The inspection was conducted under a program designed to ensure that data and information contained in requests for IDEs, Premarket Approval applications, and Premarket Notification submissions are scientifically valid and accurate. Another objective of the program is to ensure that human subjects are protected from undue hazard or risk during the course of scientific investigations.
Our review of the inspection report prepared by the district office revealed serious violations of Title 21, Code of Federal Regulations (CFR) Part 812 - Investigational Device Exemptions, which concerns requirements prescribed under section 520(g) (21 USC 360j(g)) of the Act. At the close of the inspection, the FDA investigator presented the inspectional observations Form FDA 483 for your review and discussed the observations listed on the form with you. The deviations noted on the Form FDA 483, your written response,and our subsequent review of the inspection report, are discussed below:
1. Failure to ensure that an investigation was conducted in accordance with the investigational plan. [21 CFR 812.100 and 812.110(b)]
As a clinical investigator (CI), you are responsible for ensuring that an investigation is conducted according to the investigational plan.
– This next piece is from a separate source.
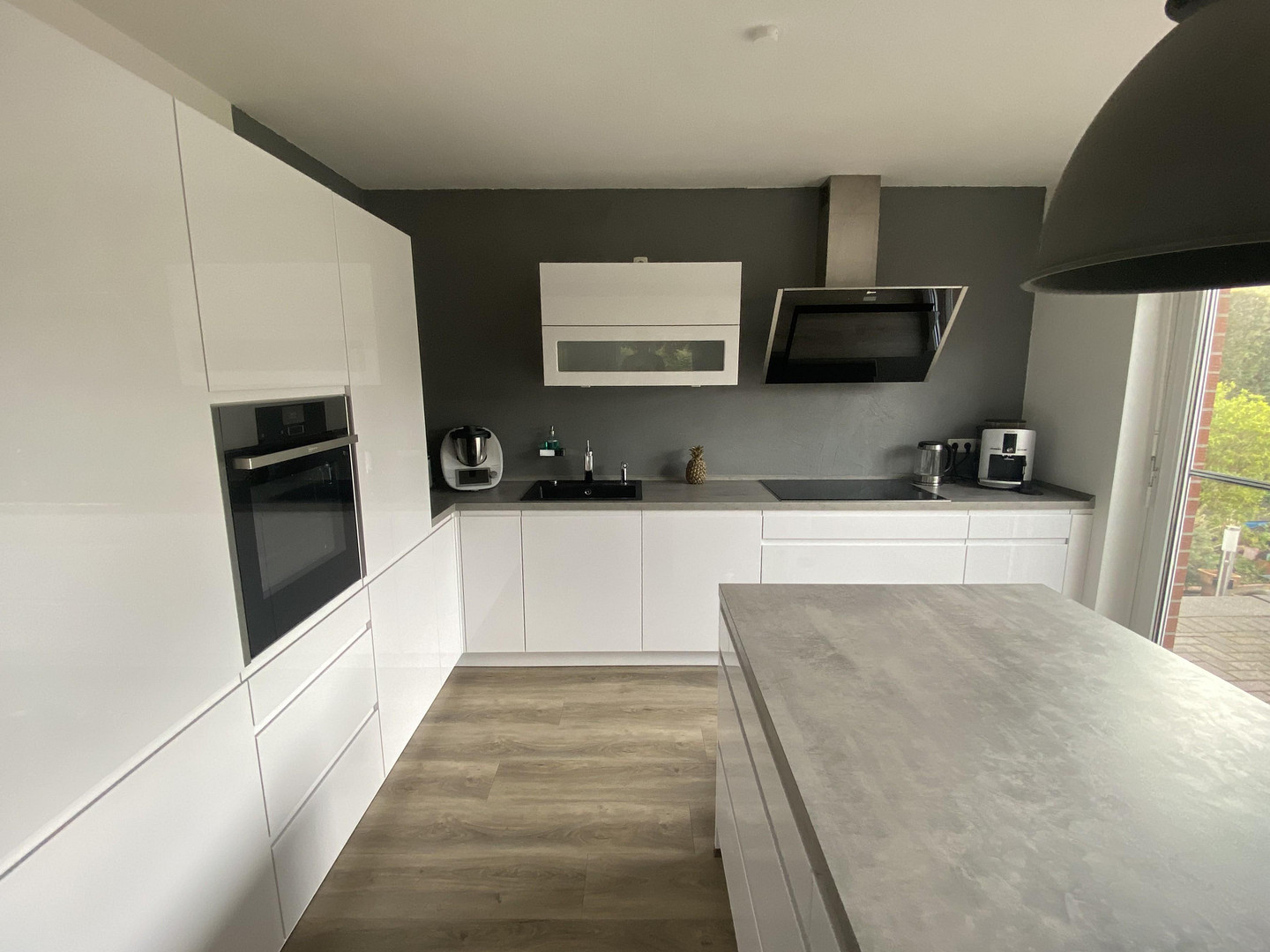 -moderne NOLTE-Einbauküche mit weißen Hochglanzfronten und hochwertigen Elektrogeräten (renoviert 2019)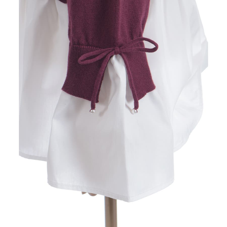 袖口のニットリボンの先にはパールを付けてフェミニンに。

You failed to adhere to these regulations by not ensuring that qualified study staff were delegated to perform assessments and that the staff were appropriately trained. In addition, you failed to submit several serious adverse events (SAEs) to the sponsor within the timeframe specified in the study protocol. Examples of this include, but are not limited to, the following:
a. Protocol section 6.6, “Follow-up Requirements,” for the CAP Registry study, states that, “Neurological assessment by a neurologist” must be performed at baseline, 12-month, and 24-month follow-up time points. However, at these follow-up time points, neurological assessments were performed by either Dr. (b)(4)(a physician licensed to practice in the US but not trained as a neurologist, or by study coordinator (b)(4) as shown below.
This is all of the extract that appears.